The next most important part of the story is that Savannah has a special relationship with the color blue.  She has loved it for as long as I can remember.  If we go looking for clothes...you guessed it, she goes straight for everything and anything blue.  I've actually had to beg her to expand her wardrobe into other colors.  So naturally, when she got this comforter, she wanted her room painted blue.  Not much surprise there.

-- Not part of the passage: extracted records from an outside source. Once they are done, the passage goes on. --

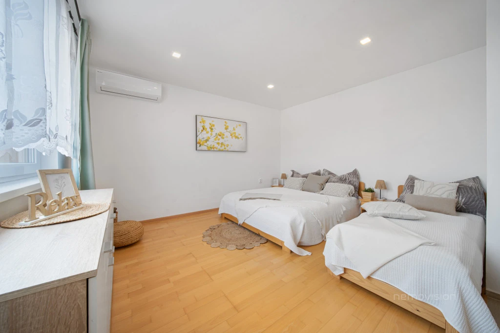 Dům o užitné ploše 111 m², stojící na pozemku 228 m², je prakticky rozdělen na čtyři samostatné apartmány, které umožňují maximální flexibilitu využití.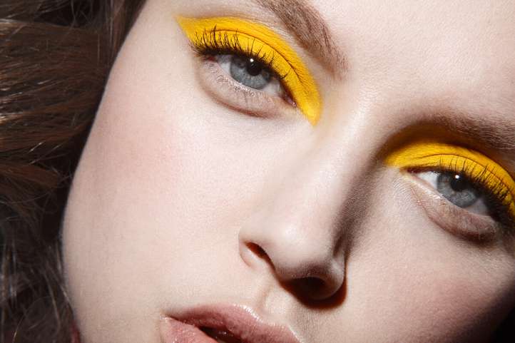 Далее, наносим светло-оранжевый оттенок на всю поверхность век — от середины неподвижного века до ресниц.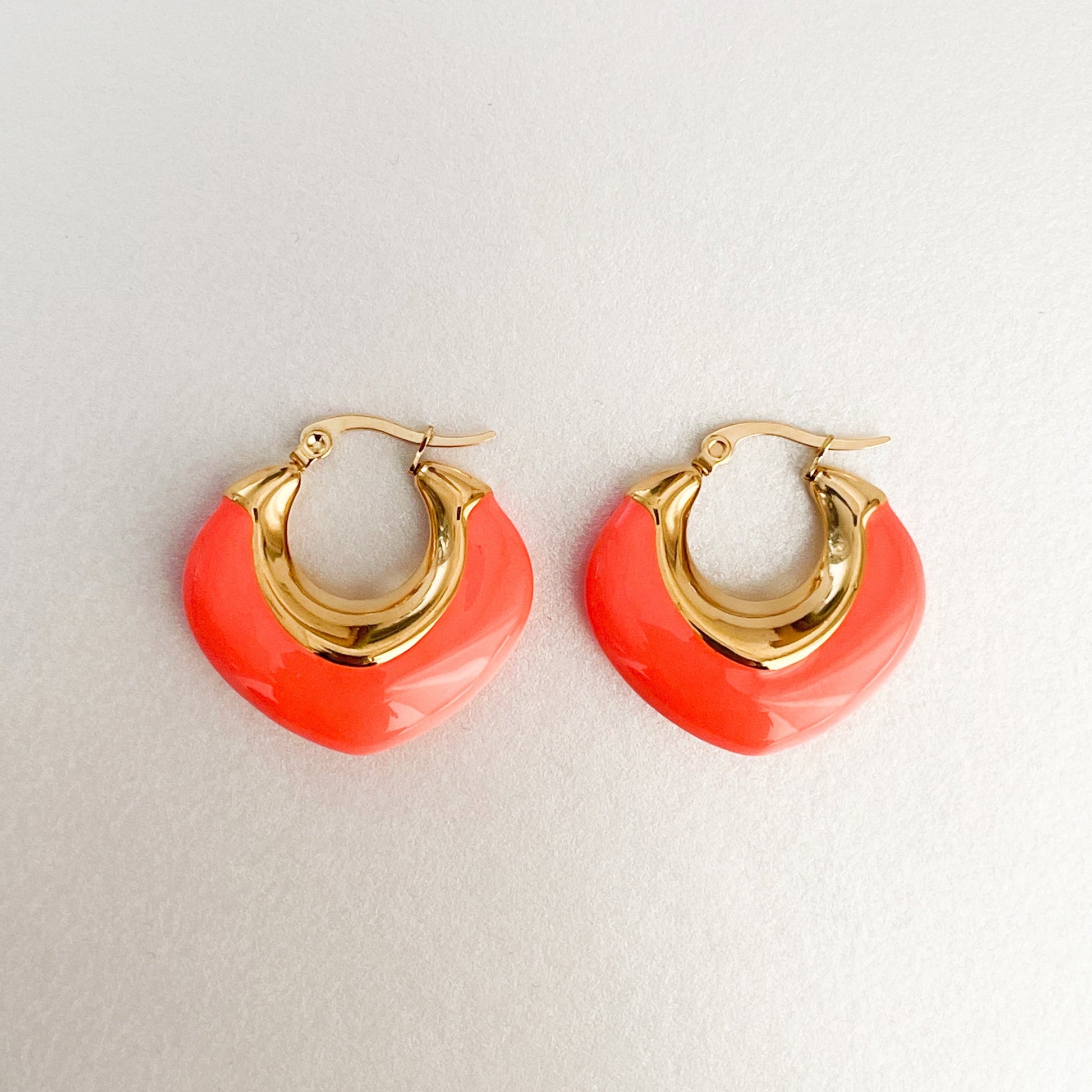 Add some drama to your look with these Lola Luxe 18k Gold Plated Coral Hoops. Their bright coral hue will be sure to turn heads, so put these on and you won't be able to help but bask in all the attention you're getting.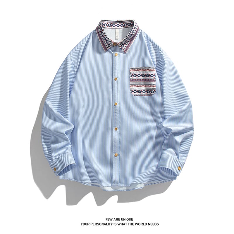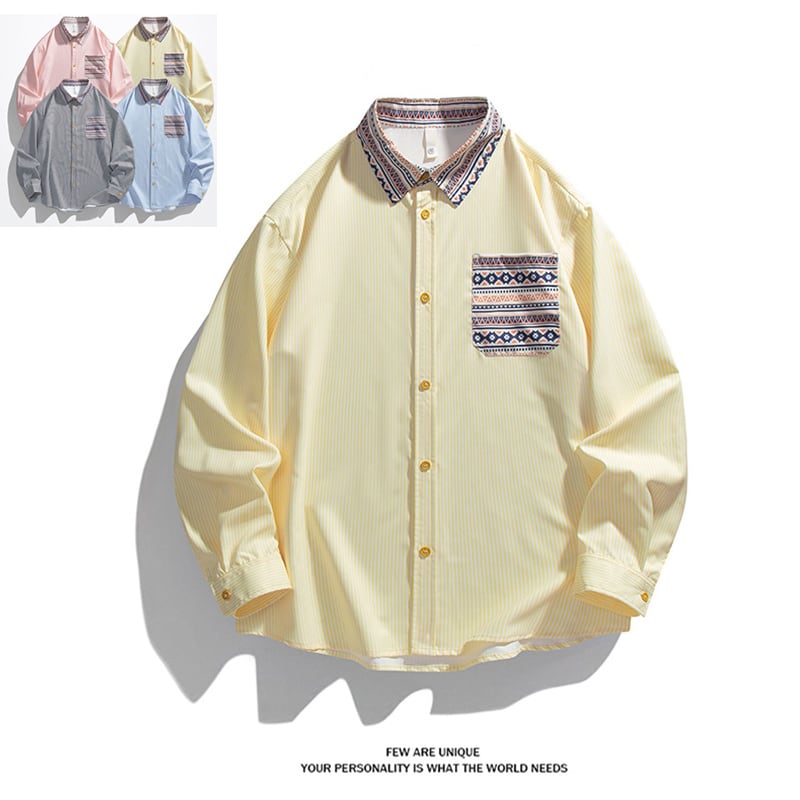 ✿秋新作!【逃離地球シリーズ】★チャイナ風トップス★ 4color シャツ 長袖シャツ 男女兼用 メンズ 縦縞 縞模様 黒 黄 青

So...fast forward five months to May, when she takes a trip to Home Depot with her dad and comes home with the brightest blue paint chip she could find and proudly announces that THAT is the color she wants her room painted.  All I could really say (although I didn't say it, I just thought it) is "Holy Crap!"  Let me point out, though, that she has good matching skills, because she actually got the right shade.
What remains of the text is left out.